[[ INFORMATION SUPPLIED open ]]

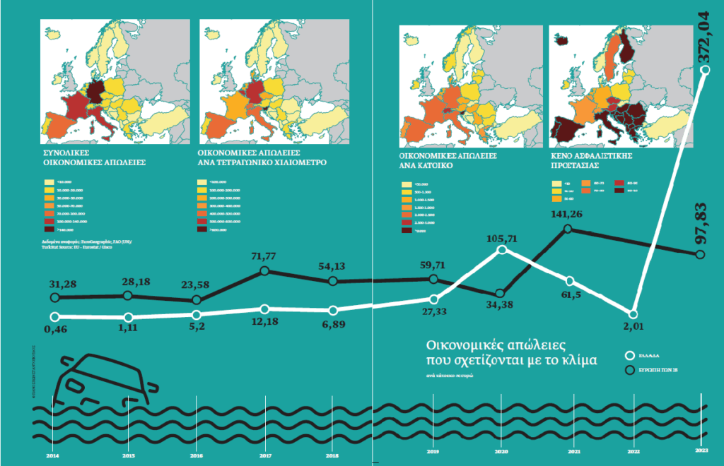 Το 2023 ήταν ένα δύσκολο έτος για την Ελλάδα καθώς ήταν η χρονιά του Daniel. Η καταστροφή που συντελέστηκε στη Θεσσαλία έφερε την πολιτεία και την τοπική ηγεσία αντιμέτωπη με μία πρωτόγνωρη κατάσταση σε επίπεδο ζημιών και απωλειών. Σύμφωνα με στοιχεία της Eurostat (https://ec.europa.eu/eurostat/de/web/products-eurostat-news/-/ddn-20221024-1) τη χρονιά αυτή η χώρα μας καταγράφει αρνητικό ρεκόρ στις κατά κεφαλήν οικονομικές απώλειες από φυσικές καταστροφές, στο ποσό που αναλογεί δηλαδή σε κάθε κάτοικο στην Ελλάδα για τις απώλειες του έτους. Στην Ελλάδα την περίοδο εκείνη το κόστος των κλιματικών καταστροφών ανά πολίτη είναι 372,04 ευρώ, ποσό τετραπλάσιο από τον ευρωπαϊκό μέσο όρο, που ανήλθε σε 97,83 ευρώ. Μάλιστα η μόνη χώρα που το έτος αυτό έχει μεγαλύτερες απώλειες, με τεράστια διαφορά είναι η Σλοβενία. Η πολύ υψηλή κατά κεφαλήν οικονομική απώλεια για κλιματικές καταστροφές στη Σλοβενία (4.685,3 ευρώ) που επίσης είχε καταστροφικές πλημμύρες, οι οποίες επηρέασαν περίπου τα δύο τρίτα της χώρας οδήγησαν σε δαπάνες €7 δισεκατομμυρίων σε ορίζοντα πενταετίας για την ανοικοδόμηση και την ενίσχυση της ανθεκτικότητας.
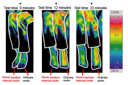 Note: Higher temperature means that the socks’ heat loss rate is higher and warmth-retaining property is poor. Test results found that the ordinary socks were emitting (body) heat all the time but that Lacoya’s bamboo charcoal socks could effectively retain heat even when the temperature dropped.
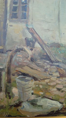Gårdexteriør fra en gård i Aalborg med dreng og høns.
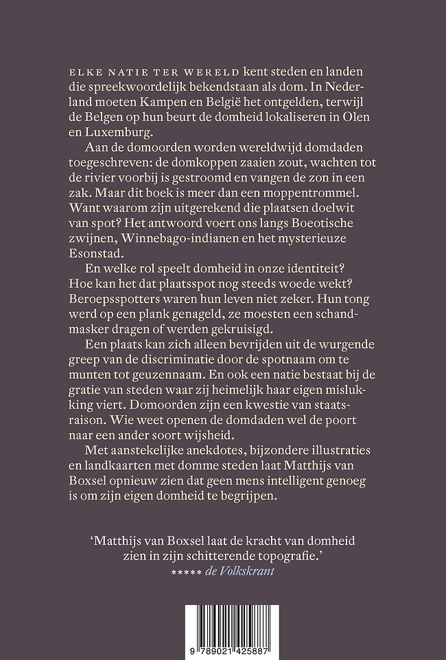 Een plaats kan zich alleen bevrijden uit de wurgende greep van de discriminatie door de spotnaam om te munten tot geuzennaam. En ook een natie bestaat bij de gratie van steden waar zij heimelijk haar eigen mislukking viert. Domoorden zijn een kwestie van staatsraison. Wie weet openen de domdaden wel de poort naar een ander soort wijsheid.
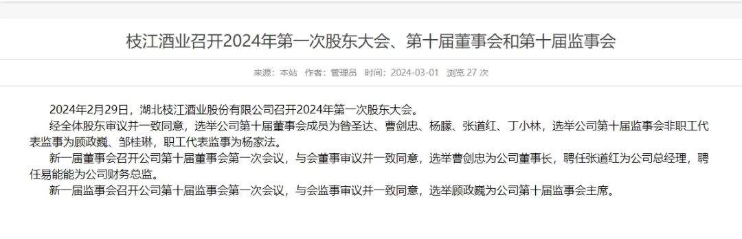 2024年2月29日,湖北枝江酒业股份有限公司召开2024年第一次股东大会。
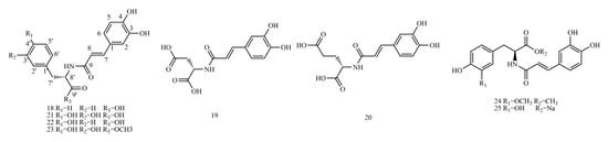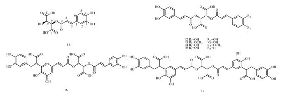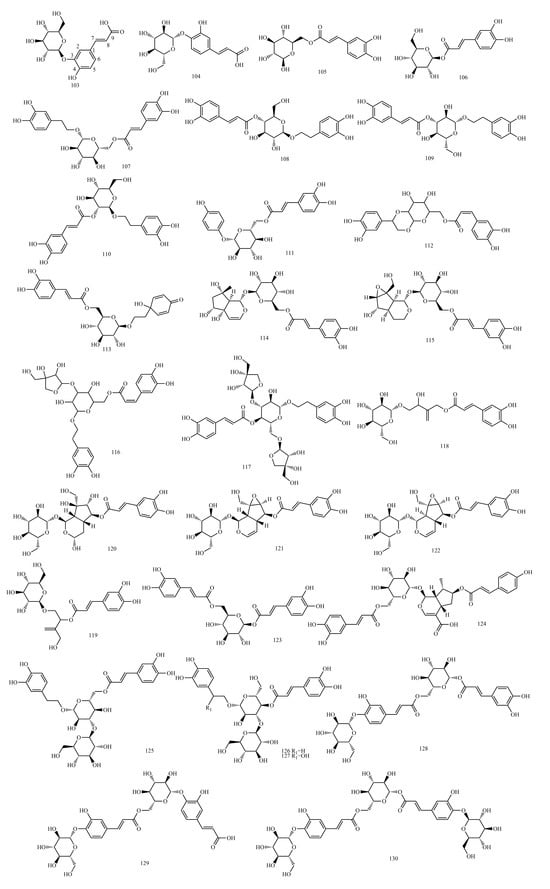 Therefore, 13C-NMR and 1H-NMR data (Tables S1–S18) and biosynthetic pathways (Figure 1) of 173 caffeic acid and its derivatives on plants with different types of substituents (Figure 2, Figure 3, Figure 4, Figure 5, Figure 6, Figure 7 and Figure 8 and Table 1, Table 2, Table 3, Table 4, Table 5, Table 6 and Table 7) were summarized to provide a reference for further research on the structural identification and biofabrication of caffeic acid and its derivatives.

[[ INFORMATION SUPPLIED closed ]]

→ INSTRUCTIONS TO FOLLOW
Leaving every picture out, please copy exactly the lines from the one holding "Een plaats kan" through the last line of the listing, both ends included.

→ OUTPUT OF THE EXERCISE
 Een plaats kan zich alleen bevrijden uit de wurgende greep van de discriminatie door de spotnaam om te munten tot geuzennaam. En ook een natie bestaat bij de gratie van steden waar zij heimelijk haar eigen mislukking viert. Domoorden zijn een kwestie van staatsraison. Wie weet openen de domdaden wel de poort naar een ander soort wijsheid.
 2024年2月29日,湖北枝江酒业股份有限公司召开2024年第一次股东大会。
 Therefore, 13C-NMR and 1H-NMR data (Tables S1–S18) and biosynthetic pathways (Figure 1) of 173 caffeic acid and its derivatives on plants with different types of substituents (Figure 2, Figure 3, Figure 4, Figure 5, Figure 6, Figure 7 and Figure 8 and Table 1, Table 2, Table 3, Table 4, Table 5, Table 6 and Table 7) were summarized to provide a reference for further research on the structural identification and biofabrication of caffeic acid and its derivatives.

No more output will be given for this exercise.